### Task details
For the lines from the one with "32K漫畫.小說.圖書適用 -12張入 / 包" to the end of the listing below, both ends included, give an exact copy and nothing more. Do not copy pictures.

### Raw data
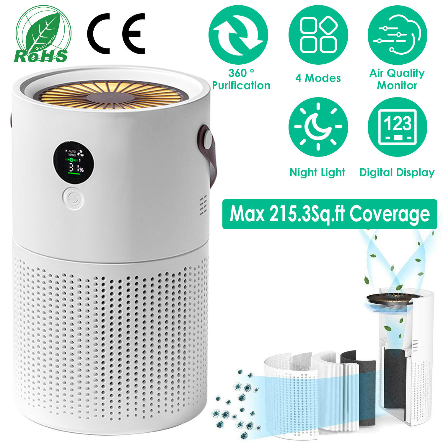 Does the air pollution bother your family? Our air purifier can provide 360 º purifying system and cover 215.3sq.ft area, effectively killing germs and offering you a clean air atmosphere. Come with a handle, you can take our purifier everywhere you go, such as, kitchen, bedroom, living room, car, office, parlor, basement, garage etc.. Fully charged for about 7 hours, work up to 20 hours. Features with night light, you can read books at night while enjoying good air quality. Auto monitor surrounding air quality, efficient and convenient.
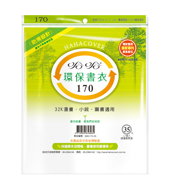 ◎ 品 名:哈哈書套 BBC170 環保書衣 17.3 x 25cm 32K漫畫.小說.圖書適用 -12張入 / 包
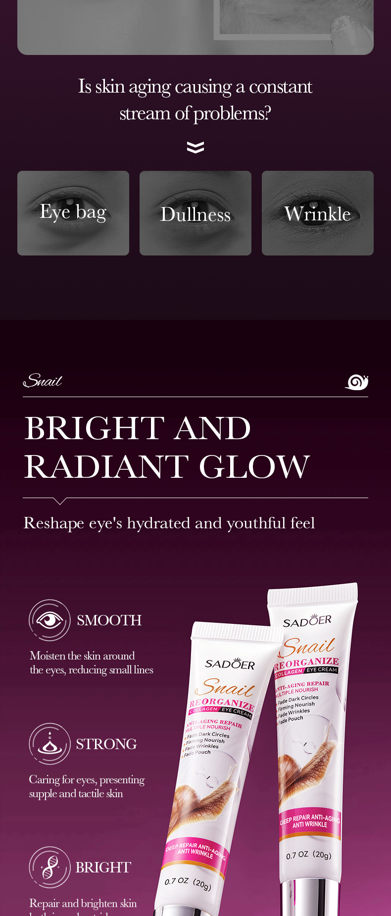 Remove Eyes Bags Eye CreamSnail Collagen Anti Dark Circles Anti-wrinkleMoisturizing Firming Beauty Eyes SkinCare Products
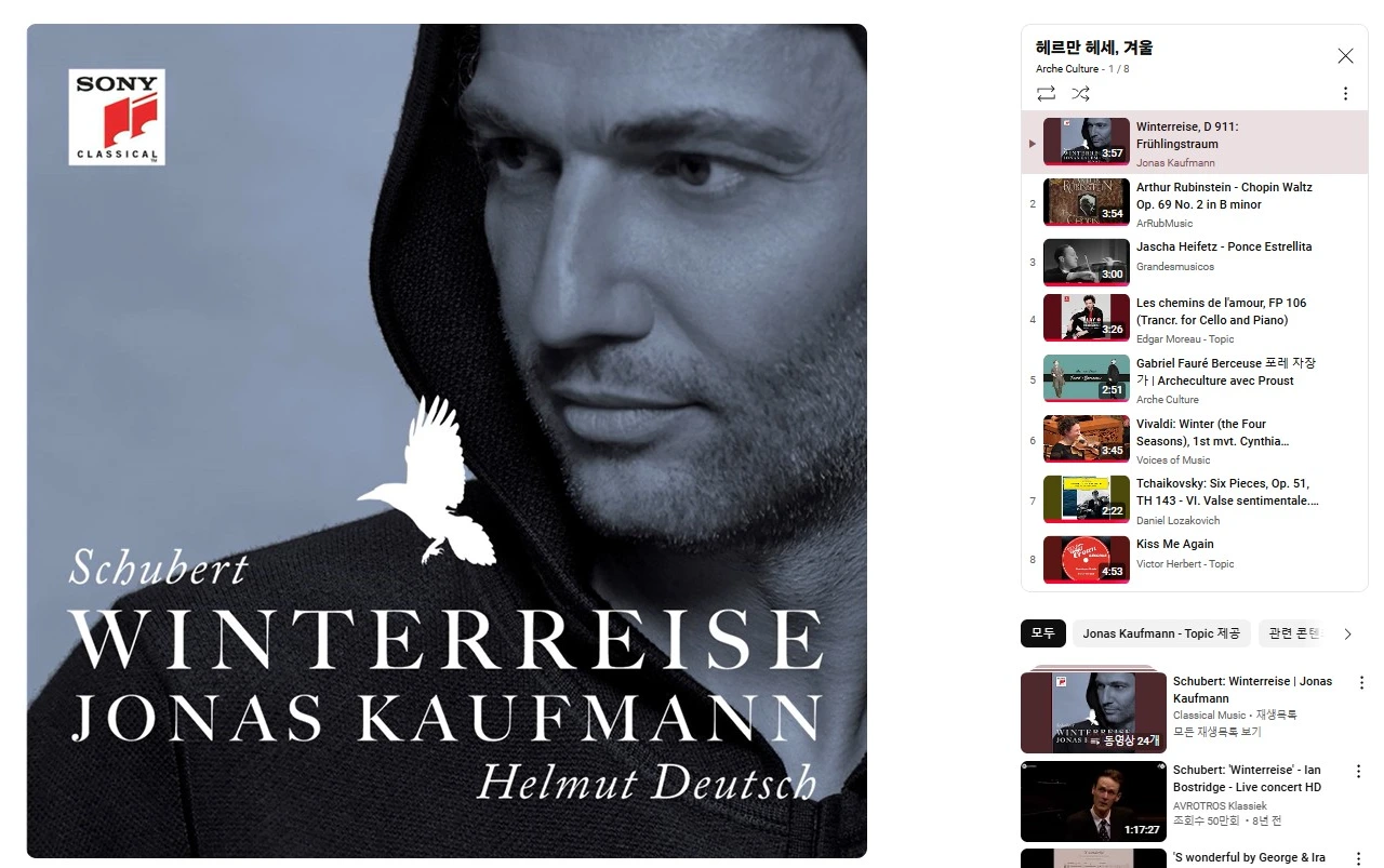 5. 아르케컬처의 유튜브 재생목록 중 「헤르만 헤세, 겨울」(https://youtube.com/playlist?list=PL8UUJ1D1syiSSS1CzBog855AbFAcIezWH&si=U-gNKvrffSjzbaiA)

### Answer to the problem
 ◎ 品 名:哈哈書套 BBC170 環保書衣 17.3 x 25cm 32K漫畫.小說.圖書適用 -12張入 / 包
 Remove Eyes Bags Eye CreamSnail Collagen Anti Dark Circles Anti-wrinkleMoisturizing Firming Beauty Eyes SkinCare Products
 5. 아르케컬처의 유튜브 재생목록 중 「헤르만 헤세, 겨울」(https://youtube.com/playlist?list=PL8UUJ1D1syiSSS1CzBog855AbFAcIezWH&si=U-gNKvrffSjzbaiA)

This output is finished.